[DATA FOR THE TASK Boundary: Start]
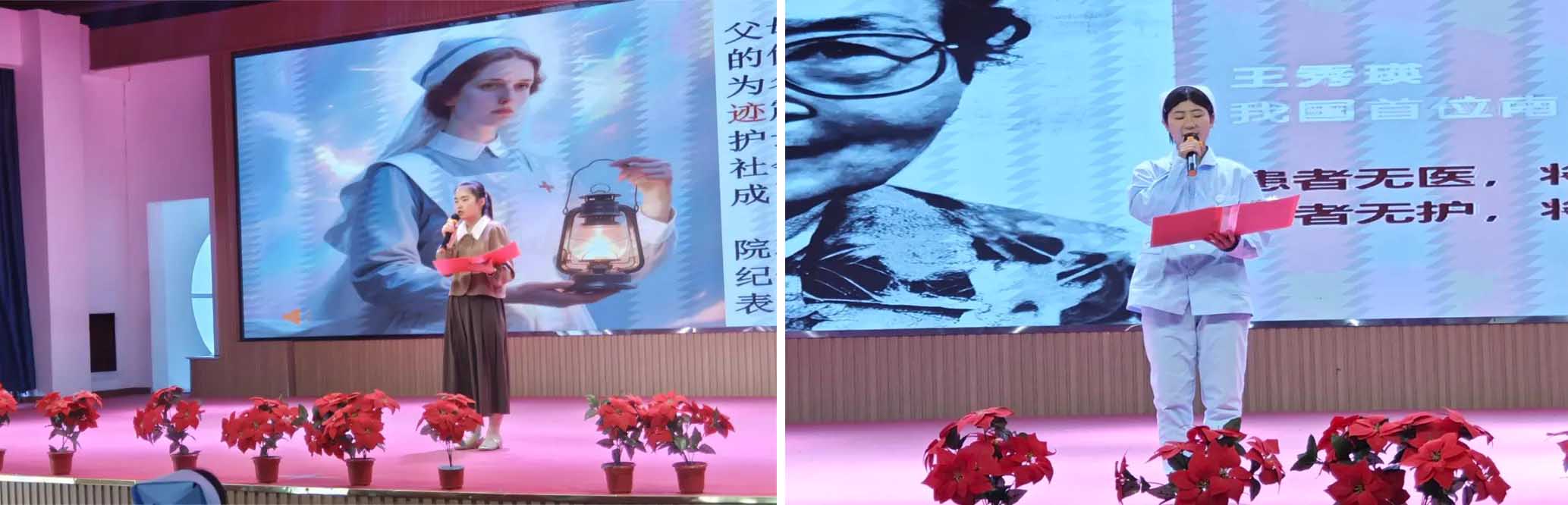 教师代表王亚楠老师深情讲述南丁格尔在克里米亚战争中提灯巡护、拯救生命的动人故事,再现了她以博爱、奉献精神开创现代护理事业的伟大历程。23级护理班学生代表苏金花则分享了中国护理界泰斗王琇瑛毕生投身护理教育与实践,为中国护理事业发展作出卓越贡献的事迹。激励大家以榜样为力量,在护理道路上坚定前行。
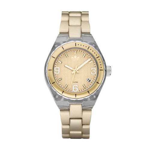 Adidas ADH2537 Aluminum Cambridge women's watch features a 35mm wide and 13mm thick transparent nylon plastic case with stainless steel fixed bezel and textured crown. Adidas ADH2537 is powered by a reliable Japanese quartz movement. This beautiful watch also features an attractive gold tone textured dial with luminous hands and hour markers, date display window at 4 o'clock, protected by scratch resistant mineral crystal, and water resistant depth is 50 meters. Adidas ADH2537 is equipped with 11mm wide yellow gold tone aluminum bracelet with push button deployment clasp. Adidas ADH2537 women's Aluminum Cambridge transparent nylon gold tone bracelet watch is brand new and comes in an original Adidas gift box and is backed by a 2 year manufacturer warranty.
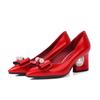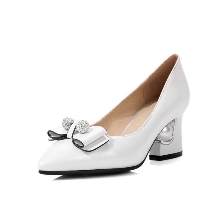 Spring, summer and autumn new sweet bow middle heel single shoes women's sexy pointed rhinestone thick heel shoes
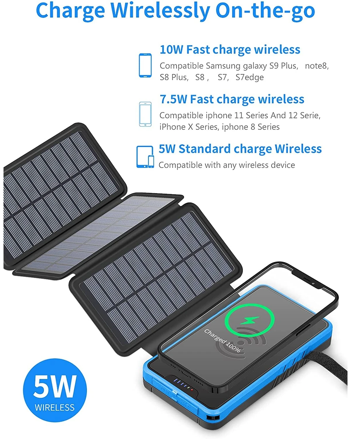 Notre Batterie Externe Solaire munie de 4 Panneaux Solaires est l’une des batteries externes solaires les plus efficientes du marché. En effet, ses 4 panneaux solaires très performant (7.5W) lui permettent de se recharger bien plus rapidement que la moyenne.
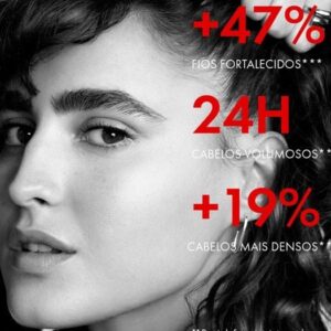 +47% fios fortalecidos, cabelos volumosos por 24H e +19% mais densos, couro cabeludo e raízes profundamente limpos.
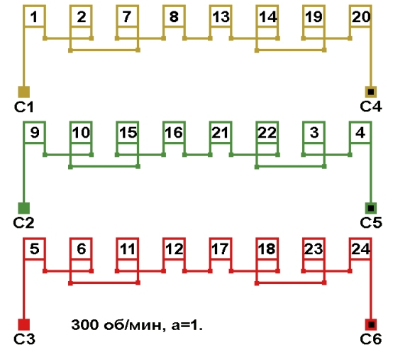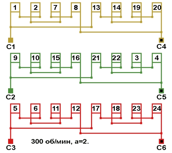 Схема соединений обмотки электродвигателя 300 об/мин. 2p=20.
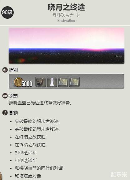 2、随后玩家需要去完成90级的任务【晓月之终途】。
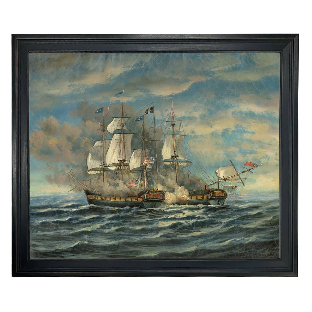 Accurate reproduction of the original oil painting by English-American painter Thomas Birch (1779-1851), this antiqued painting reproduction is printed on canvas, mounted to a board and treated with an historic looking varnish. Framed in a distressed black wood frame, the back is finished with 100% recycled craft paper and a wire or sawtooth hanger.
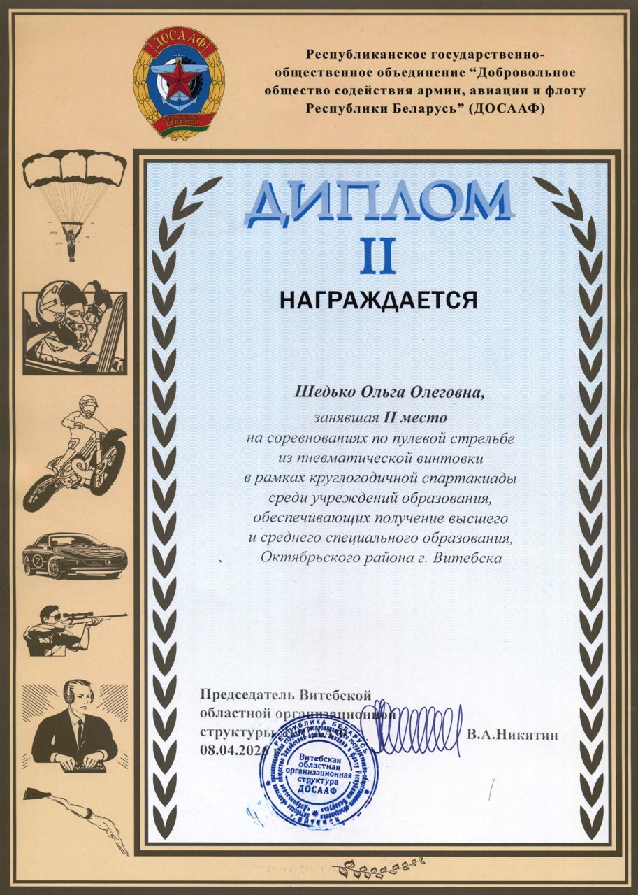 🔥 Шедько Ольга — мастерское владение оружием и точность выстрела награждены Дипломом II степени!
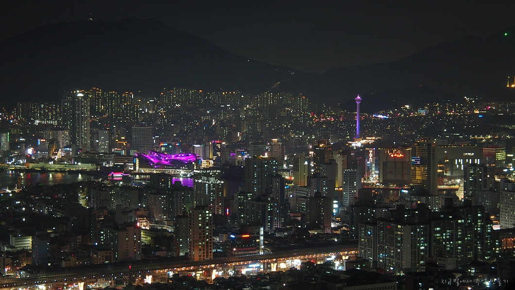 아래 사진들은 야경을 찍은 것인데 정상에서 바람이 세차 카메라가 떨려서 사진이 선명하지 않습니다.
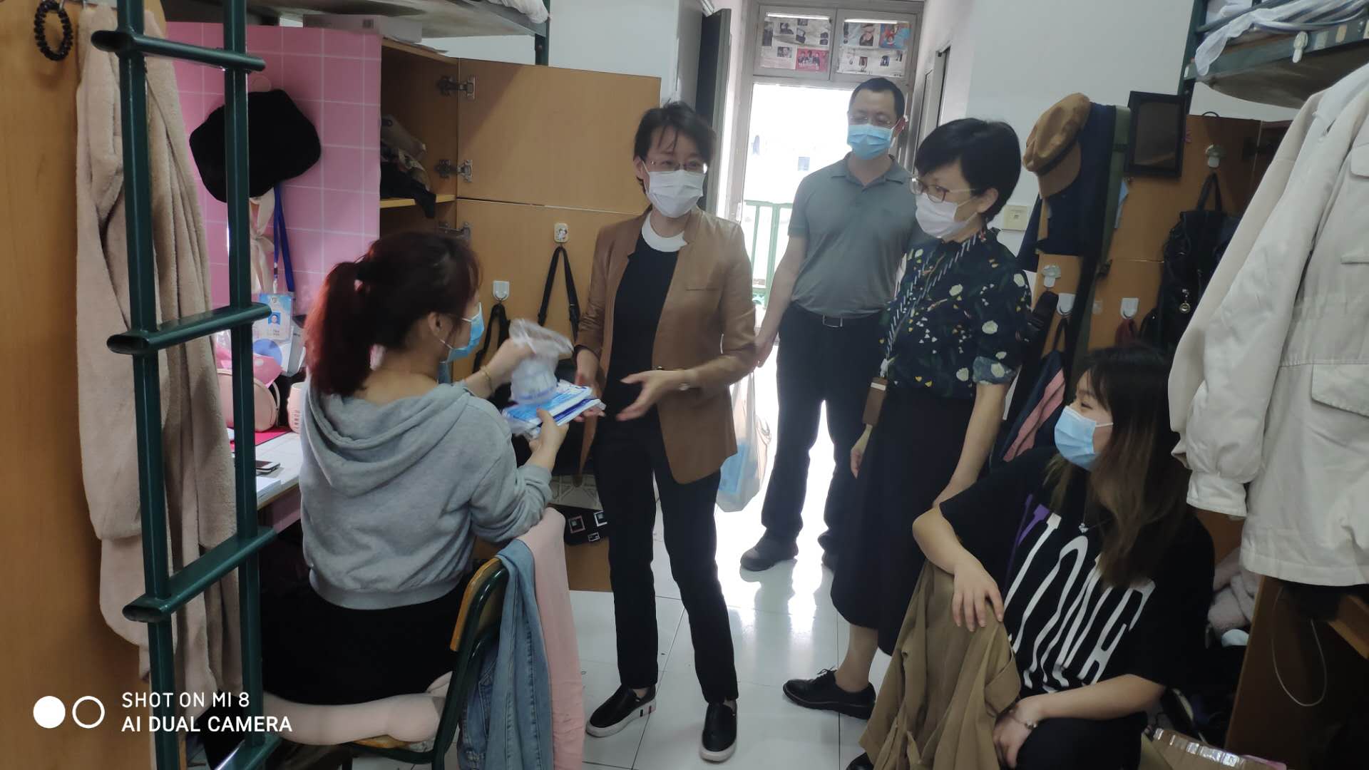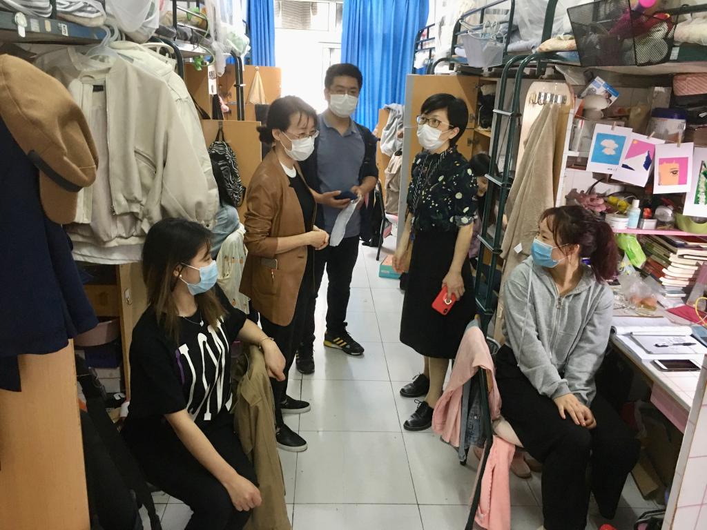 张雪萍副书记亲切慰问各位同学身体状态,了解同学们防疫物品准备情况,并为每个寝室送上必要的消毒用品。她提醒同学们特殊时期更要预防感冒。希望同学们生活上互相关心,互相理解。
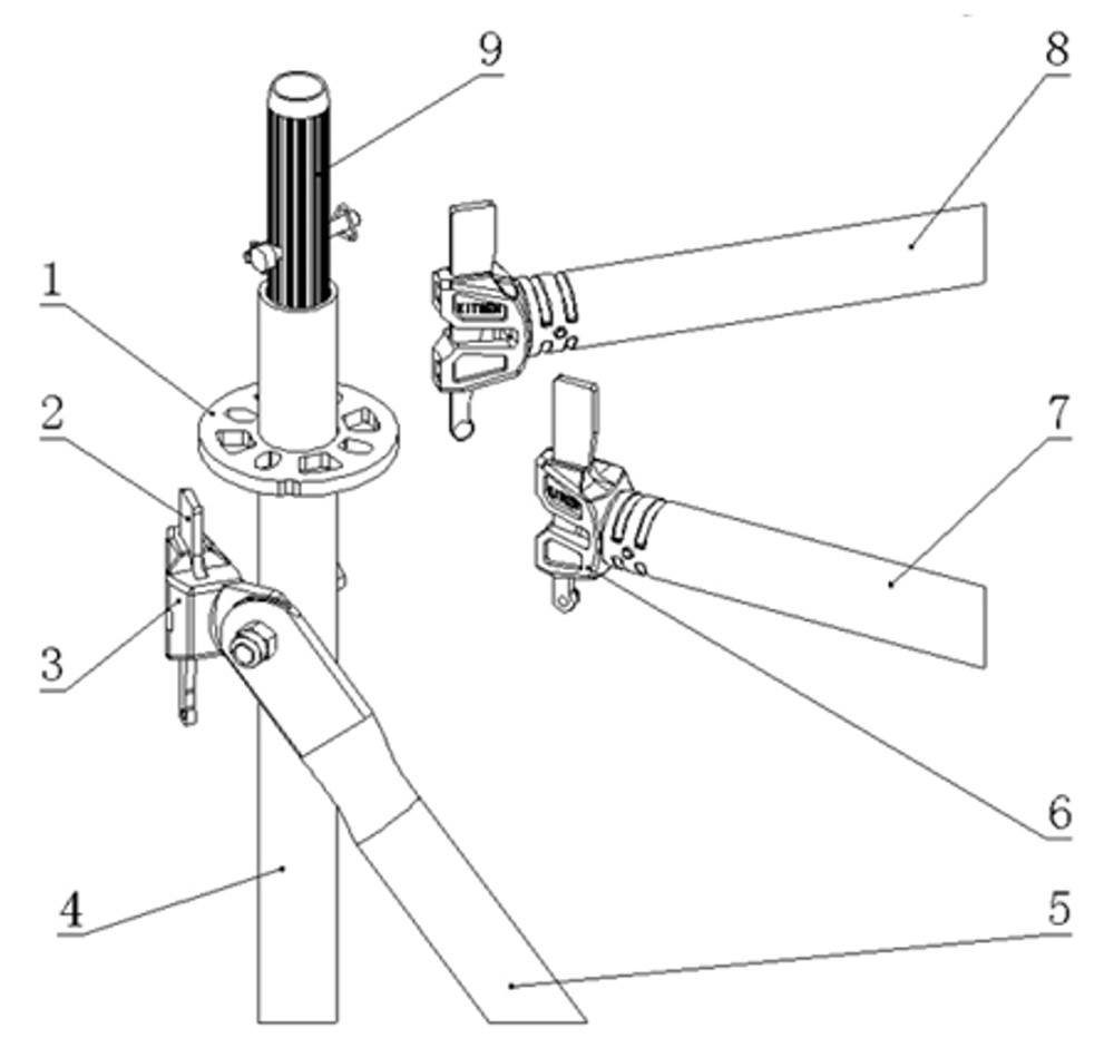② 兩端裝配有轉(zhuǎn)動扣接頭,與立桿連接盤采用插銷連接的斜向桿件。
[DATA FOR THE TASK Boundary: End]
WORK TO BE COMPLETED >> Everything in the records except the pictures should be retyped exactly.

TASK OUTPUT >>
 教师代表王亚楠老师深情讲述南丁格尔在克里米亚战争中提灯巡护、拯救生命的动人故事,再现了她以博爱、奉献精神开创现代护理事业的伟大历程。23级护理班学生代表苏金花则分享了中国护理界泰斗王琇瑛毕生投身护理教育与实践,为中国护理事业发展作出卓越贡献的事迹。激励大家以榜样为力量,在护理道路上坚定前行。
 Adidas ADH2537 Aluminum Cambridge women's watch features a 35mm wide and 13mm thick transparent nylon plastic case with stainless steel fixed bezel and textured crown. Adidas ADH2537 is powered by a reliable Japanese quartz movement. This beautiful watch also features an attractive gold tone textured dial with luminous hands and hour markers, date display window at 4 o'clock, protected by scratch resistant mineral crystal, and water resistant depth is 50 meters. Adidas ADH2537 is equipped with 11mm wide yellow gold tone aluminum bracelet with push button deployment clasp. Adidas ADH2537 women's Aluminum Cambridge transparent nylon gold tone bracelet watch is brand new and comes in an original Adidas gift box and is backed by a 2 year manufacturer warranty.
 Spring, summer and autumn new sweet bow middle heel single shoes women's sexy pointed rhinestone thick heel shoes
 Notre Batterie Externe Solaire munie de 4 Panneaux Solaires est l’une des batteries externes solaires les plus efficientes du marché. En effet, ses 4 panneaux solaires très performant (7.5W) lui permettent de se recharger bien plus rapidement que la moyenne.
 +47% fios fortalecidos, cabelos volumosos por 24H e +19% mais densos, couro cabeludo e raízes profundamente limpos.
 Схема соединений обмотки электродвигателя 300 об/мин. 2p=20.
 2、随后玩家需要去完成90级的任务【晓月之终途】。
 Accurate reproduction of the original oil painting by English-American painter Thomas Birch (1779-1851), this antiqued painting reproduction is printed on canvas, mounted to a board and treated with an historic looking varnish. Framed in a distressed black wood frame, the back is finished with 100% recycled craft paper and a wire or sawtooth hanger.
 🔥 Шедько Ольга — мастерское владение оружием и точность выстрела награждены Дипломом II степени!
 아래 사진들은 야경을 찍은 것인데 정상에서 바람이 세차 카메라가 떨려서 사진이 선명하지 않습니다.
 张雪萍副书记亲切慰问各位同学身体状态,了解同学们防疫物品准备情况,并为每个寝室送上必要的消毒用品。她提醒同学们特殊时期更要预防感冒。希望同学们生活上互相关心,互相理解。
② 兩端裝配有轉(zhuǎn)動扣接頭,與立桿連接盤采用插銷連接的斜向桿件。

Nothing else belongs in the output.